> Goal of the exercise: Retype all of the listing exactly, with no pictures.

> Data:
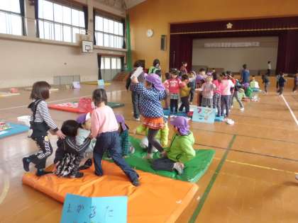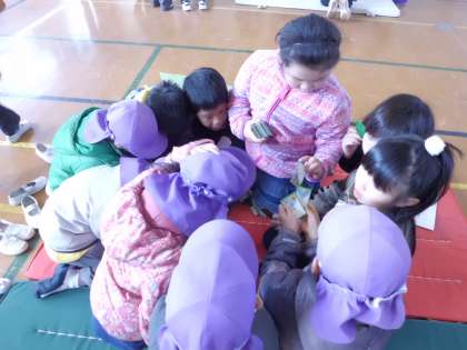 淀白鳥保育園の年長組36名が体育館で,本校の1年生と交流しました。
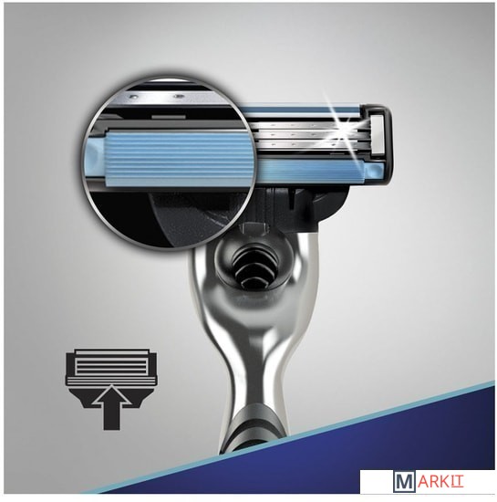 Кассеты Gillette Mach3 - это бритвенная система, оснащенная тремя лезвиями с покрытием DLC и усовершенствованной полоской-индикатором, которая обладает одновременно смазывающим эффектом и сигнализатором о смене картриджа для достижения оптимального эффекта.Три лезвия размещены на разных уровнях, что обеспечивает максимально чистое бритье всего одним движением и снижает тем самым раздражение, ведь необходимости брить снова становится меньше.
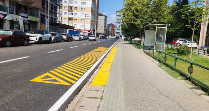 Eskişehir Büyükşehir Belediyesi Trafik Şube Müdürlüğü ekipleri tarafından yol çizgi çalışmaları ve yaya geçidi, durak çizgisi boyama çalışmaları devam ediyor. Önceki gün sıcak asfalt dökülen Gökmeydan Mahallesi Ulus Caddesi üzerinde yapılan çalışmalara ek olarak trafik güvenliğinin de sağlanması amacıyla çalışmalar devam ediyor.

> Response for this exercise:
 淀白鳥保育園の年長組36名が体育館で,本校の1年生と交流しました。
 Кассеты Gillette Mach3 - это бритвенная система, оснащенная тремя лезвиями с покрытием DLC и усовершенствованной полоской-индикатором, которая обладает одновременно смазывающим эффектом и сигнализатором о смене картриджа для достижения оптимального эффекта.Три лезвия размещены на разных уровнях, что обеспечивает максимально чистое бритье всего одним движением и снижает тем самым раздражение, ведь необходимости брить снова становится меньше.
 Eskişehir Büyükşehir Belediyesi Trafik Şube Müdürlüğü ekipleri tarafından yol çizgi çalışmaları ve yaya geçidi, durak çizgisi boyama çalışmaları devam ediyor. Önceki gün sıcak asfalt dökülen Gökmeydan Mahallesi Ulus Caddesi üzerinde yapılan çalışmalara ek olarak trafik güvenliğinin de sağlanması amacıyla çalışmalar devam ediyor.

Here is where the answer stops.